There is an impact on pain classification (ICD etc.) in the introduction. It may be interesting to mention if there are any "measurements" available to detect/classify pain (or exclude certain reasons/types) - not to leave the reader with the idea that only the analysis of mediators is possible. (for example,

"Central Mechanisms of Pain Revealed Through Functional and Structural MRI" JOURNAL OF NEUROIMMUNE PHARMACOLOGY, 8(3), 518-534 2013

-The reference is cited, and the passage is added to Conclusion and Future Perspective as follows: Stimulus-evoked functional magnetic resonance imaging (fMRI), task-free fMRI, and perfusion MRI revealed that chronic pains arise from pre-existing vulnerabilities and sustained abnormal input.

There are also some problems in the text:

Line 58: Hyperalgesia is a condition of abnormally increased sensitivity to pain caused by injury to tissues or nerves, or by opioid medication for pain treatment. This statement about opioids is important and may need some explanation, to bring the reason of hyperalgesia formation. Setting it at the same level as injury does not seem right.

-The sentence is revised as follows: “The nociceptive sensation is also caused by exposure to opioids used for pain treatment, which paradoxically make more sensitive to certain stimuli.”

Figure 2. The figure is difficult to study (small letters, limited differences). It will benefit from re-thinking the graphical concept.

-The figure is revised accordingly. We hope that the new figure is more informativ.

Line 188: Ji et al - is there a reason to single out this reference?

-It is corrected accordingly.

Table 1. Column caption "Diseases" - is it the best caption if injuries are included?

-It is revised as follows: “Diseases, disorders, injuries”.

Is the word "Singles" used intentionally in this table?

-It is corrected to “Shingles”.

Line 238: "Lifetime and current prevalence of psychiatric disorders in patients with chronic peripheral pain were 39% and 20%, respectively" A reference to this stateent is needed - or put closely.
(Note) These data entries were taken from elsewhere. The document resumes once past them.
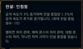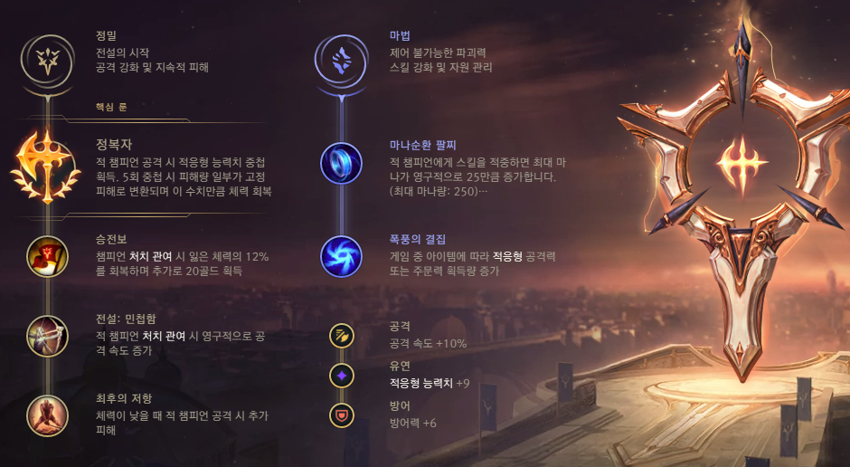 집중 공격은 3회 기본 공격을 가하면 레벨에 따라서 40~180의 적응형 추가 피해를 입히고, 약점을 노출시키기 때문에 나쁜 특성은 아니지만 최근 버프로 인해 많이 사용되는 정복자가 딜은 물론 생존력까지 더 올려줄 수 있어 저는 정복자를 사용해주시는걸 추천합니다. 특히 보조 룬으로 영감의 마법의 신발이 사용되는데, 마법의 신발이 12분으로 너프가 되면서 12분까지 신발을 구매할 수 없기 때문에 현재는 다른 보조룬과 특성을 사용해주시는게 더 좋은데요.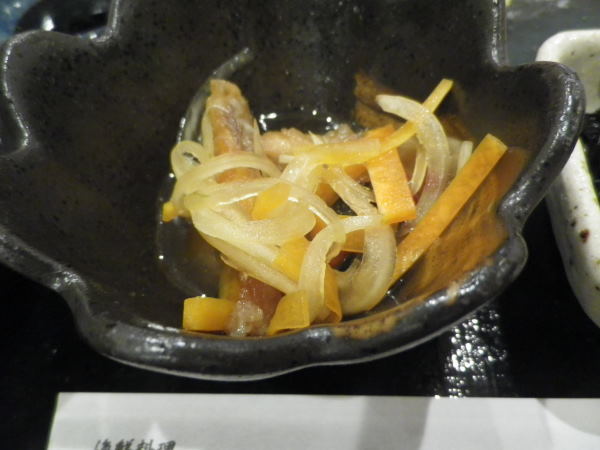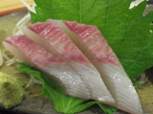 お皿にあまり食べたいことがない刺身がありました。金目鯛かな?美味しかった(^^)
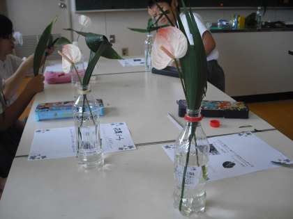 ハランの葉は丈夫で、切れ目を入れたり結んだり、いろいろ工夫できます。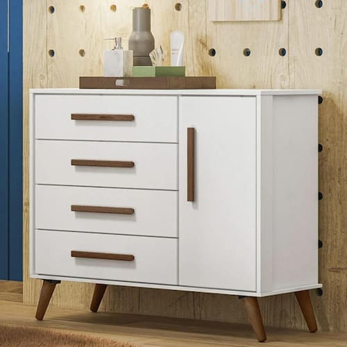 A Cômoda Retrô possui quatro gavetas com excelente profundidade e uma porta convencional com corrediças metálicas, que pode ser usada também como sapateira, para ainda mais organização para itens de vestuário e demais objetos. As gavetas são equipadas com corrediças metálicas para um deslizar suave. Os pés torneados em madeira de eucalipto com design retrô, enquanto os puxadores de em MDF, com alto padrão de acabamento, complementam o design sofisticado. O excelente acabamento revestido em pintura UV destaca ainda mais a cor escolhida, proporcionando um visual vibrante ao ambiente. Além disso, a cômoda possui sistema antitombamento, oferecendo segurança adicional para uso diário. Essa Cômoda Sapateira Infantil é para aqueles que buscam unir funcionalidade e estilo na decoração, criando um ambiente agradável e bem organizado para atender a todas as necessidades diárias.

-The reference is added accordingly.

Line 352: "The levels of proinflammatory cytokines including IL-1RA, .....". IL-1RA is IL-1 receptor antagonist (please update the abbr table) - and calling it proinflammatory is not correct (without deep discussion on IL-1 regulation)?

-It was revised accordingly: “… IL-6 and IL-8 were observed to be higher, while anti-inflammatory cytokines IL-1RA was higher and Il-4 was lower…”

-IL-1RA is added in abbreviation table.

Line 386: "Furthermore, chronic pain is associated with cognitive impairments such as attention, working memory, reasoning ability, and information processing [88]." This sentence has to be corrected.

-The sentence is revised as follows: “… chronic pain is associated with the disturbance of cognitive functions such as attention…”.

Line 412: "representative diseases of pain are .." needs re-phrasing.

The passage is rephrased as follows: “… diseases associated with chronic pain …”.

Line 424: There is no figure 5 in the text.

-It is corrected.

Figure 4 is not well connected/related to the text.

-More description is added to the caption to explain the figure.

Reference 109 - please correct it as first names are left instead of names for some of the authors.

-The names of authors are double-checked.

The extensive number of references added in Conclusion should be reconsidered.

-The title of the section is changed to “Conclusion and Future Perspective” to cover more topics in addition to conclusion.